The nearing dust column soon dipped below some rocks, then started rising toward the hills. The lizards could hear the rumble of trucks and weapons carriers, and made sudden swift movements, ducking into crevices in the sun-baked rock and cli
nging to their sides with uncanny ability, torsos rising and falling with their breathing.

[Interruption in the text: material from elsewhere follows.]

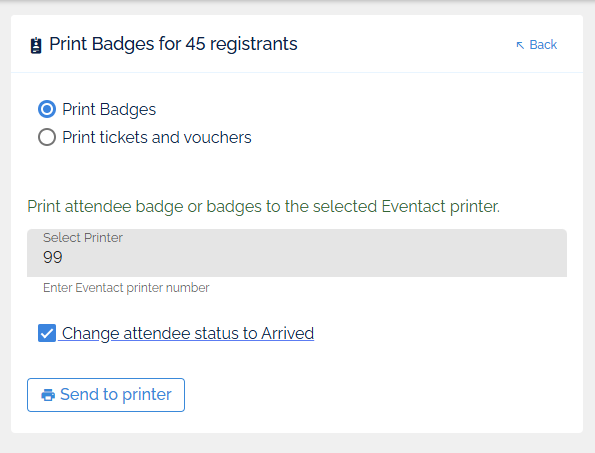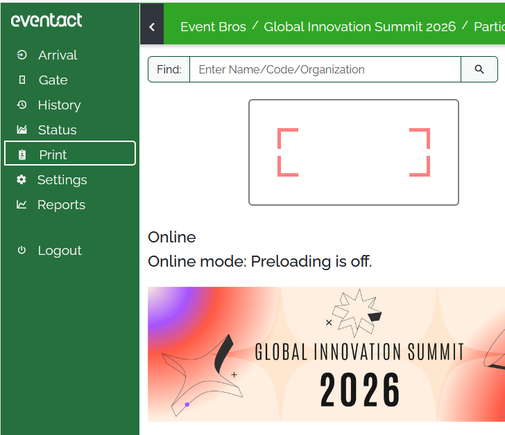 A. Printing from Eventact Arrival (Recommended for Desk Staff)

A command jeep suddenly roared up out of a gully and came to a halt. The passengers waited impatiently as the following dust cloud caught up to them, enveloping them in its choking fog. The column, too, had stopped behind the jeep and lay stretched out over the desert road, its vehicles chalky with heavy dust.
Gorillas sat in open trucks, huddling into their helmets and trying to endure the long, rough ride. They now stared blankly out at the desert, blinking the heavy beige dust from their eyes, but making no attempt to brush the coating from their thick black fur or their leather uniforms. Soldiers in armored vehicles did not dare touch the metal sides of these carriers in the desert, if they could help it. Not even thick gorilla skin was immune to the heat that the metal soaked up.
Behind them the desert floor, stirred into gritty mush by the passage of the column, settled back onto vehicle and bush alike.
The driver of an armored troop carrier grumbled to his co-driver, “Damn those humanoids anyway! What are we doing out here today? Who the hell would want to be out here, ya answer me that?”
The co-driver shrugged, his eyes red despite the goggles they all wore. “Stupid beasts, I guess. You know how dumb those animals are, Nutark. They’re likely to do anything.”
“How does the general know they’re out here anyway?” The driver looked gloomily at the desolation through the driving slit. “How could anyone live out here in the Forbidden Zone, for crying out loud?”
The co-driver shrugged again. “Officers know stuff we don’t, I guess.”
Nutark grunted, as if not convinced. “Well, I know enough not to be out here, but I’m out here ’cause Captain Mulla says I gotta be out here.” He yanked a canteen from its clip and moodily took off the cap. He took a swallow, and made a face. “Awful stuff is near boiling!”
“Yeah, it’s hot,” the co-driver agreed.
In the command jeep, the map was spread across. General Urko’s lap.
Captain Mulla pointed to a section of the map with a thick finger. “The caverns must be in this sector, general.”